The big question is how this performs.



## Project Structure

CMR itself is located in the `src` directory. Example data structures are in
`data-structures`, and benchmarks of these are in `benchmarks`. For comparison,
similar benchmarks for Crossbeam and mutexes from the standard library are in
`extern-benchmarks`.

Prior to Rust 1.32, programs usually had `jemalloc` bundled, which caused some
issues with `cmr`: since we are tracking the allocations, but not the types of
the allocation, we pass in wrong `Layout` arguments to the
`std::alloc::dealloc` function. `jemalloc` depended on this to be correct, and
caused a few issues, so we have a hack for it in `jemalloc-free-hack`, ensuring
that we call `jemallocator::ffi::free` instead of the variant taking the layout
as a parameter.


# Current Shortcommings
## Should *I* use CMR?

We do not run destructors when memory is freed. This turned out to be difficult, as we needed to
decide at runtime whether the type dropped implenented `Drop` or not. This might be possible with
some trick.
While I am happy with how CMR turned out, I don't think I can properly avocate
for using CMR in any setting but for experimenting with Rust. There are a few
reasons for this: (1) due to it's coupling with the operating system, it is
really only usable on Linux, (2) it's overhead is higher than that of epochs in
Crossbeam, (3) the project is not actively maintained[^activity]

Most operations that CMR exposes uses atomics; these always use the `SeqCst` ordering. This is
mainly done for simplicity, although correctness of the system as a whole may suffer if the user is
allowed to specify more relaxed orderings. Experimental benchmarks show that the performance of CMR
does not suffer from this, at least not on x86.

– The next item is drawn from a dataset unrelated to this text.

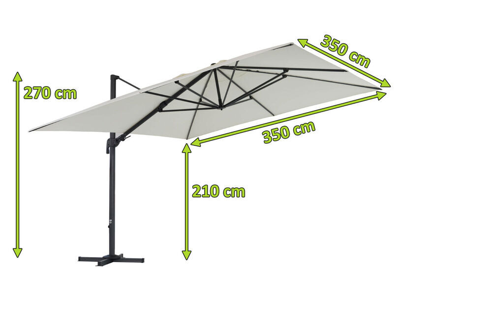 Der quadratische Sonnenschirm von OUTFLEXX® besticht durch seine hochwertig verarbeiteten Materialien und seine praktischen Funktionen. Das ca. 350 x 350 cm große Schirmtuch besteht aus 100% Polyester (ca. 250 g/m²). Zusätzlich ist das cremefarbene Schirmtuch wasserabweisend imprägniert. Das Gestell besteht aus pulverbeschichtetem Aluminium in anthrazit und hat dabei eine Haupt-Rohrdicke von ca. 65 x 95 mm. Der Ampelschirm besitzt keinen Mittelmast und bietet daher eine praktische Lösung, um ohne Probleme eine komplette Sitzgruppe zu beschatten. Die großzügige Durchgangshöhe von ca. 210 cm schränkt die Nutzung Ihrer Terrasse in keinster Weise ein. Durch einen hohen UV-Schutz von 80+ spendet der Sonnenschirm dabei extra viel Schatten. Die Beschattung bei unterschiedlicher Sonneneinstrahlung ist mit diesem praktischen Ampelschirm problemlos möglich, da das Schirmtuch entlang des Standrohres und des Stützbalkens geneigt werden kann. Zudem lässt sich der Schirm durch den leichtgängigen Kurbelmechanismus kinderleicht aufspannen. Diese Kurbel können Sie in den unteren Teil des Schirmstocks umstecken und so den Schirm um 360° drehen. Weiterhin ist der schirm seitlich neigbar. Das integrierte Air-Vent System lässt auch bei sehr warmen Klima die Luft unter dem Schirmtuch zirkulieren. Die 8 eingebauten Dachstreben mit den Maßen von ca. 17 x 25 mm sorgen zusätzlich für weitere Standfestigkeit. Im Lieferumfang ist ein Plattenständer für Wegplatten enthalten. Um einen sicheren Stand zu gewährleisten, empfehlen wir Ihnen den ca. 29 kg schweren Ampelschirm mit ca. 100 kg Wegplatten zu beschweren. Bitte beachten Sie, dass die Platten NICHT mit im Lieferumfang enthalten sind.

[crossbeam-epoch]: https://github.com/crossbeam-rs/crossbeam-epoch
[thesis]: https://github.com/martinhath/master-thesis/blob/master/thesis.pdf
[^fork]: Strictly speaking, this is not the case, since we use `fork()` to
  branch out a new process in which we run the reachability. Due to CoW
  semantics of memory pages as implemented by the operating system, the OS have
  to clone all pages that are changed while the child process still runs.
[^forkscan]: TODO: link here.
[^master]: TODO: link here.
[^activity]: I suppose this does not need to be a hard requiremeny for a
  library to be used, but it also means that feature requests, like Windows
  support, will probably not be implemented.